Unsupervised-based learning

Unsupervised learning has been used by a few studies in the field of stance detection (4 of 96; Table 7). Kobbe et al. [53] proposed an unsupervised approach for topic-independent stance classification. Their approach uses lexicons and grammatical dependencies to identify effective words in an argument and their impact. Rashed et al. [94] investigated the target-specific stance classification of Turkish political tweets. Their unsupervised approach involves mapping users into an n-dimensional embedding space using Google’s CNN-based multilingual universal sentence encoder to represent the text of their tweets.

An unsupervised learning technique was proposed also in [96] to predict stance. The authors proposed an unsupervised clustering technique to predict a user’s stance based on his/her timeline. This approach allows the model to automatically classify users with a few topical tweets with high accuracy (around 95%). Darwish et al. [95] proposed the use of unsupervised learning to tag numerous Twitter users with their stances on specific issues. They used different user features (e.g., retweeted users, vocabulary choices, and hashtags) as the basis for assessing user similarity. Then, the uniform manifold approximation and projection (UMAP) technique was employed for feature dimensionality reduction, followed by the mean-shift algorithm for user clustering. The hypothesis behind their approach is that users who share the same stance tend to communicate their opinions using the same vocabulary.
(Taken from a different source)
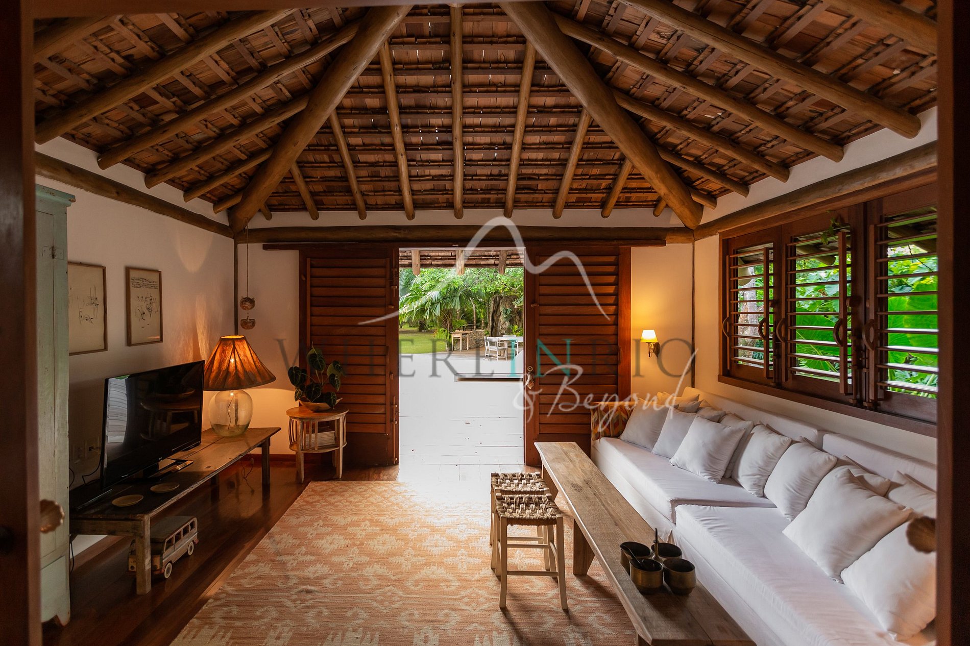 Esta espectacular casa de lujo en Altos de Trancoso se encuentra en un terreno tropical de 5.000 m² con piscina, sauna, cocina/bar exterior, sala de juegos, sala infantil y 7 suites (incluyendo un bungalow independiente). Amplia, decorada con estilo y con servicio completo. A sólo 10 minutos de la playa y del Quadrado.

Weakly supervised learning

Several studies in this field attempted to employ weakly supervised learning for stance detection [59, 67, 78, 84, 131], which we present in Table 7. In this approach, the model learns from both labeled and unlabeled data. A simple weakly supervised learning approach is performed by setting a classifier from a small set of labeled data or heuristics and domain expertise and using the classifier to estimate labels for the unlabeled data. The unlabeled data predictions can be used as “pseudo-labels” by adding them to the training set. Weakly supervised learning is a powerful approach for solving problems that require a large amount of data with little supervision. Although this method addresses the issue of a lack of labeled data, it is not as accurate as supervised learning. Moreover, the long training time and poor generalization are the main limitations of this learning approach.

Some studies automatically annotated data by employing a rule-based classifier (e.g., using regular expressions) [78, 131]. Ebrahimi et al. [59] were the first to employ statistical relational learning for stance detection. They used hinge-loss Markov random fields (HL-MRFs) to constrain pairs of similar tweets and pairs of neighboring users to have similar labels. Sobhani et al. [67] are pioneers in stance classification from the NLP perspective; they proposed a framework for stance classification at the document level based on topic modeling (nonnegative matrix factorization). The main advantage of the proposed framework is that it is minimally supervised, as it does not require labeled data. They collected 781 comments from news websites and annotated them with a predefined list of arguments resulting from topic modeling. The linear SVM was used to classify the stance based on the TF-IDF features and the predicted argument tags.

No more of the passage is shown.